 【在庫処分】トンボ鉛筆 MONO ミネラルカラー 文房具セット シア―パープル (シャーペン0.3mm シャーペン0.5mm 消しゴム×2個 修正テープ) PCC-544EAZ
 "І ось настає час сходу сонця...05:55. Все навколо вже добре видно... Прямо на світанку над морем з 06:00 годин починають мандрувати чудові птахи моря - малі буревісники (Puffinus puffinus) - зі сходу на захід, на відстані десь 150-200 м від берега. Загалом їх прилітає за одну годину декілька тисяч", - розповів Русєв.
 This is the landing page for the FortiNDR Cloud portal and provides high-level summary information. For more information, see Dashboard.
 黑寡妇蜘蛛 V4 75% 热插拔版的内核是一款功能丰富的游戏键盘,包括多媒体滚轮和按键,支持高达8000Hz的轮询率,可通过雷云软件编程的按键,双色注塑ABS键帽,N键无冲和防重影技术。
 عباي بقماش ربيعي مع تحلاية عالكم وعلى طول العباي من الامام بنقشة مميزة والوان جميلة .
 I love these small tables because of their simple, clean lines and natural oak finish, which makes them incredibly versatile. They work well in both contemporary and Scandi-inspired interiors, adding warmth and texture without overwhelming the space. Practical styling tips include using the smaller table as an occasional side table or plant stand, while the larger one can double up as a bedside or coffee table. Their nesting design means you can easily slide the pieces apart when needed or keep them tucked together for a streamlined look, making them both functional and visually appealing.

* * *

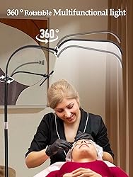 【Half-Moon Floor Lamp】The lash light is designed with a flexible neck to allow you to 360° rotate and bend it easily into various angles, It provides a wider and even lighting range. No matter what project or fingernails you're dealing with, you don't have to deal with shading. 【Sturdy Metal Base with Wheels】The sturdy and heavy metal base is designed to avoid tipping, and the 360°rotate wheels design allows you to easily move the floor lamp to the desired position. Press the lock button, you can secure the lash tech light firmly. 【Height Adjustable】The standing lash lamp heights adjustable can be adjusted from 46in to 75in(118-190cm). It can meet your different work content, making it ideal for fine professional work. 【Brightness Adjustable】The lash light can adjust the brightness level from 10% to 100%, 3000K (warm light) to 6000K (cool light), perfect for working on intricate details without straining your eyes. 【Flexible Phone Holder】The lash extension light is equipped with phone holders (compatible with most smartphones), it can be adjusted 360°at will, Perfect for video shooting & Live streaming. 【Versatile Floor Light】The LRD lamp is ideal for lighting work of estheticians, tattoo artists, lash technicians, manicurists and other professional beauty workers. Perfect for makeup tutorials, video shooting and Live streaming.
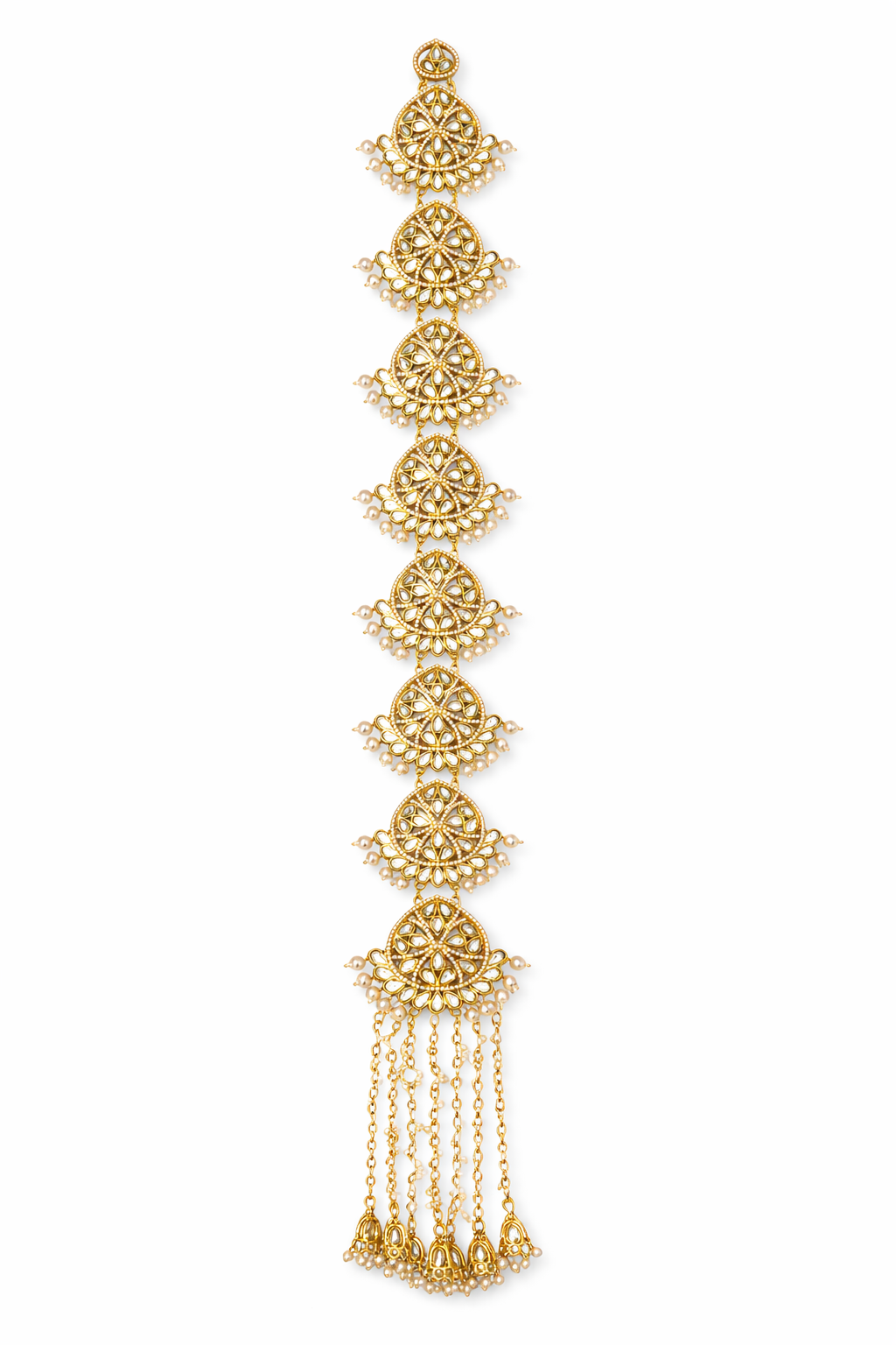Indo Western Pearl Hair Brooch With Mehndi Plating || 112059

==

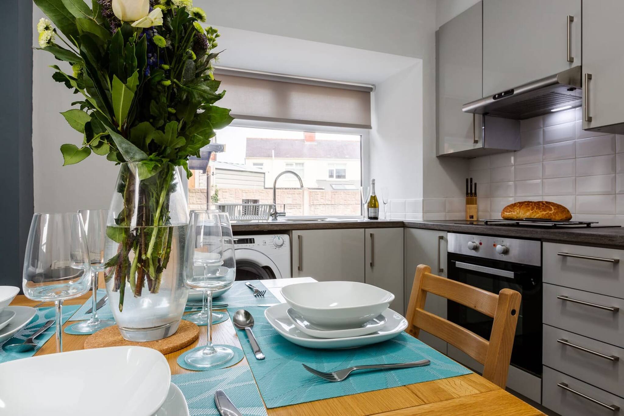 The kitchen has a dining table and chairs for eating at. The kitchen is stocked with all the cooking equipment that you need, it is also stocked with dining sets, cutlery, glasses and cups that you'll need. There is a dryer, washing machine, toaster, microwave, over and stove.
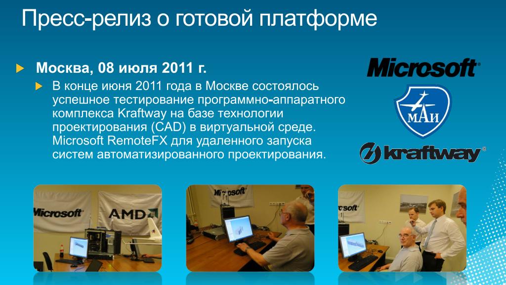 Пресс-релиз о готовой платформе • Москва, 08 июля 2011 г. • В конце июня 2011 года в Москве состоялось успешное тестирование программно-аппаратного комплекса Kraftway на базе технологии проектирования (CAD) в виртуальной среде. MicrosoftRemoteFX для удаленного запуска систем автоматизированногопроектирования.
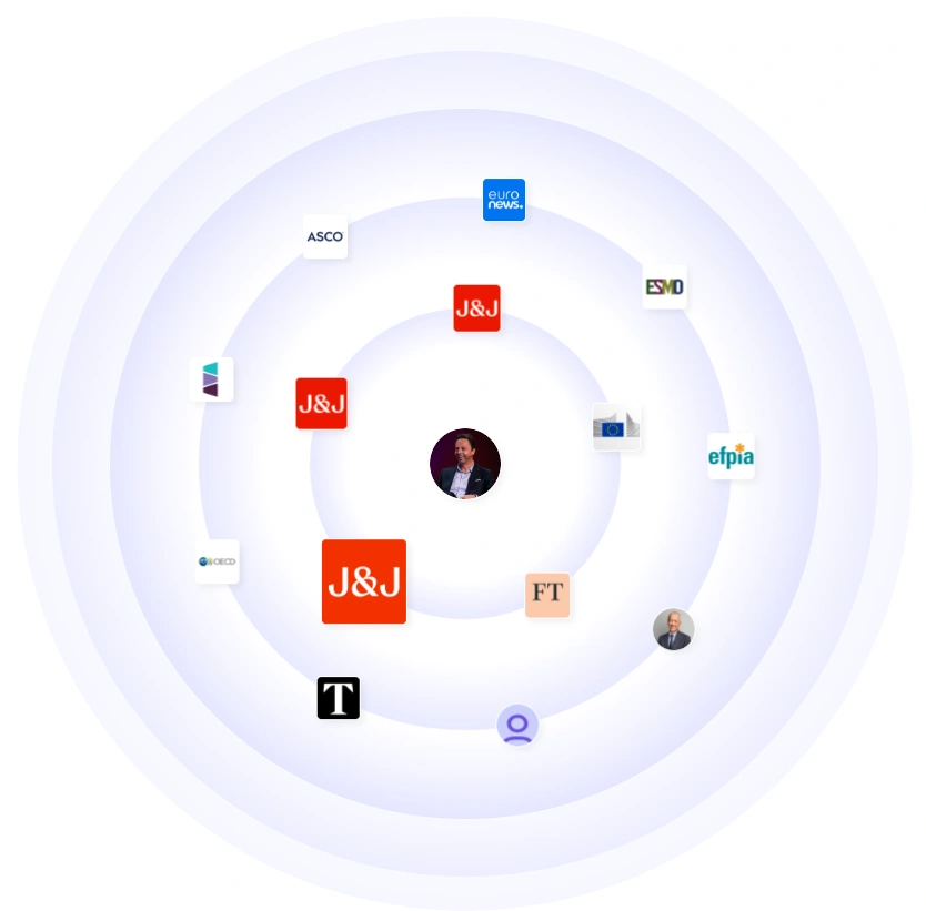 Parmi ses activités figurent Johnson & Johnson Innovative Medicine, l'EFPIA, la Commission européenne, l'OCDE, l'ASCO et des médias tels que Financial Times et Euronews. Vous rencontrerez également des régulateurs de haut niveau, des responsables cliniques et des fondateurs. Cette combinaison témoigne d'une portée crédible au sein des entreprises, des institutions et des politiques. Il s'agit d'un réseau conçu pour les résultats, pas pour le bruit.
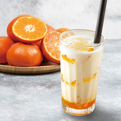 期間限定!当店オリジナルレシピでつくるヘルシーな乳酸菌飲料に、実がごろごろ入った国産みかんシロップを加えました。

• WHAT IS REQUIRED
From the listing above, the lines starting with the one that has "消しゴム×2個 修正テープ) PCC-544EAZ" and running through the one that has "عباي بقماش ربيعي" should be copied exactly, ends included.

• SOLVED EXERCISE
 【在庫処分】トンボ鉛筆 MONO ミネラルカラー 文房具セット シア―パープル (シャーペン0.3mm シャーペン0.5mm 消しゴム×2個 修正テープ) PCC-544EAZ
 "І ось настає час сходу сонця...05:55. Все навколо вже добре видно... Прямо на світанку над морем з 06:00 годин починають мандрувати чудові птахи моря - малі буревісники (Puffinus puffinus) - зі сходу на захід, на відстані десь 150-200 м від берега. Загалом їх прилітає за одну годину декілька тисяч", - розповів Русєв.
 This is the landing page for the FortiNDR Cloud portal and provides high-level summary information. For more information, see Dashboard.
 黑寡妇蜘蛛 V4 75% 热插拔版的内核是一款功能丰富的游戏键盘,包括多媒体滚轮和按键,支持高达8000Hz的轮询率,可通过雷云软件编程的按键,双色注塑ABS键帽,N键无冲和防重影技术。
 عباي بقماش ربيعي مع تحلاية عالكم وعلى طول العباي من الامام بنقشة مميزة والوان جميلة .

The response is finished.